With the sexploitation picture Fanny Hill: A Memoir a Woman of Pleasure (adopted from a somewhat infamous erotic novel of the same name) Russ Meyer returned to two things he was not particularly masterful at: broad, yuck-it-up comedy & favorably capturing Europe on film. Meyer was returning to the continent for the first time since he condemned it as a “highway of vice” & “a cesspool of cheap hotels, tawdry bars, and wanton women” in his laughably xenophobic “documentary” Europe in the Raw. He was lured back to Europe with the promise that he would helm the somewhat pricey production of Fanny Hill with complete creative autonomy as a director. Once he arrived, however, it became apparent that the film’s producer, Albert Zugsmith, was eager to double back on his own word. Not only did Zugsmith annoint himself as an unofficial co-director, undermining much of Russ Meyer’s creative vision, he also banned Meyer from the editing room, where most of the artistry of his best films usually come to life. What’s left, then, is a more or less amusing “erotic” comedy about a European brothel . . . just one with absolutely no trace of Meyer’s eccentric personality.

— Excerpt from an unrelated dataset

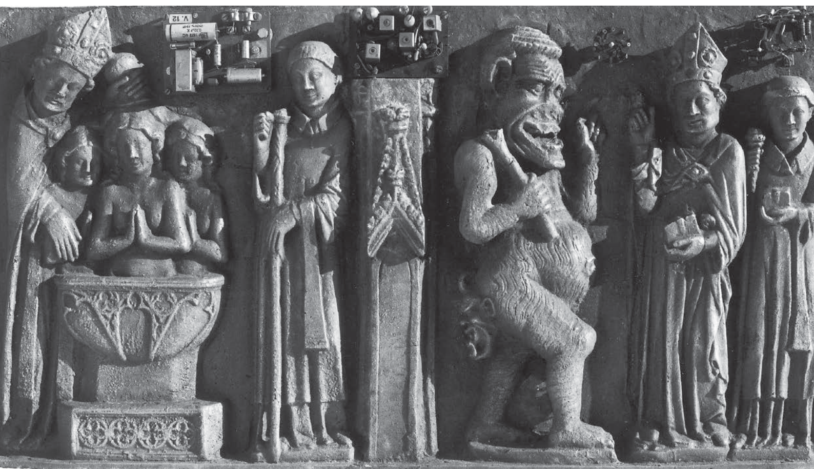
>> Sarcòfag de sant Narcís, 1977, 73 cm d'amplada, bronze i circuits incorporats.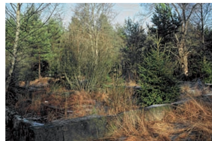
Frihugga och rensa kulturmiljö

Set in 18th century London, Fanny Hill tells the story of a rural teenager getting bowled over by some big city reprobates more than willing to take advantage of her small town naiveté. A madame of an upscale brothel appoints herself as Fanny’s honorary aunt & claims that all the other sex workers under her wing are also her nieces, “all daughters of my 12 sisters”. There are some interesting characters mixed in these “women of ill repute”, such as a dominatrix, a woman prone to wear a false moustache during her sexual appointments, and a youthful lollipop enthusiast who is especially attractive older male clients (blech.). The men that frequent this bunch are a mixed bag of annoying European caricatures that spoil a lot of the good vibes with their over-the-top character flaws, including a john that leaves Fanny to drown & a sniveling weakling who begs to be punished for being “a naughty boy.” Even more frustrating is Fanny herself, who somehow does not know that she is working for a brothel for the entire length of the film. Frustratingly naïve, Fanny is the kind of girl who can watch every last one of the brothel’s “nieces” service half the Navy in an open field and still not be exactly sure of what is going on. At one point, she even takes on the job of setting up appointments for johns & somehow believes that she’s merely selling hats. Of the oddly frequent hat deliveries made at all hours of the day & night, Fanny says “The busier girls were wearing out several boxes each week.” The script has a funny way of being cheekily salacious in that fashion, purposefully far more aware of its sexual playfulness than its sex worker protagonist.
Featuring no nudity, no rapidfire editing, and no larger than life personalities, Fanny Hill is unrecongnizable as a Russ Meyer picture. There are, however, a few scraps of the director’s personality to be found scattered throughout the film. His second black & white film in a row (after 1963’s Lorna), the film at the very least fits into the current phase of work in a vague visual sense, even if it in no way can be understood as a black & white “roughie” (the genre he was working in at the time). True to most Meyer pictures, there is a weakling male character who gets continually punished for his supposedly unmasculine affectionate love. Fanny’s main beau’s life is intentionally derailed by the film’s Evil Madame to the point where he’s driven to crossdressing in order to sneak into the brothel & come to his fiancé’s rescue (a gag that was repeated in such respectable films as Leprechaun in the Hood). There’s also a repeat of a gag from Europe in the Raw where a chamber pot is emptied upon an unsuspecting passerby, possibly capturing exactly what the fiercely American Meyer thought of Europe in a nutshell. The film’s very light use of S&M and lipstick lesbianism was more of a telegraph of what was to come in Meyer’s work than a reflection of where it had already been. Otherwise, Fanny Hill has essentially no trace of the madman auteur/pervert’s unique touch.
That’s not to say that Fanny Hill isn’t enjoyable as a broad comedy about the sexcapades of a naïve sex worker that has no idea that she’s been employed by a brothel. In addition to erasing Russ Meyer’s personality from the picture, Zugsmith’s production also bears almost no resemblance to its source material, a novel often credited as the first English language example of pornographic prose, but it does squeeze by as a light romp that finds humor in the simple things: raw fish falling into cleavage, men dressing as women & getting hit on by their unknowing bosses, and an onslaught of cheap sex jokes soaring over the head of an unbelievably innocent protagonist. There are certainly much worse fates than that.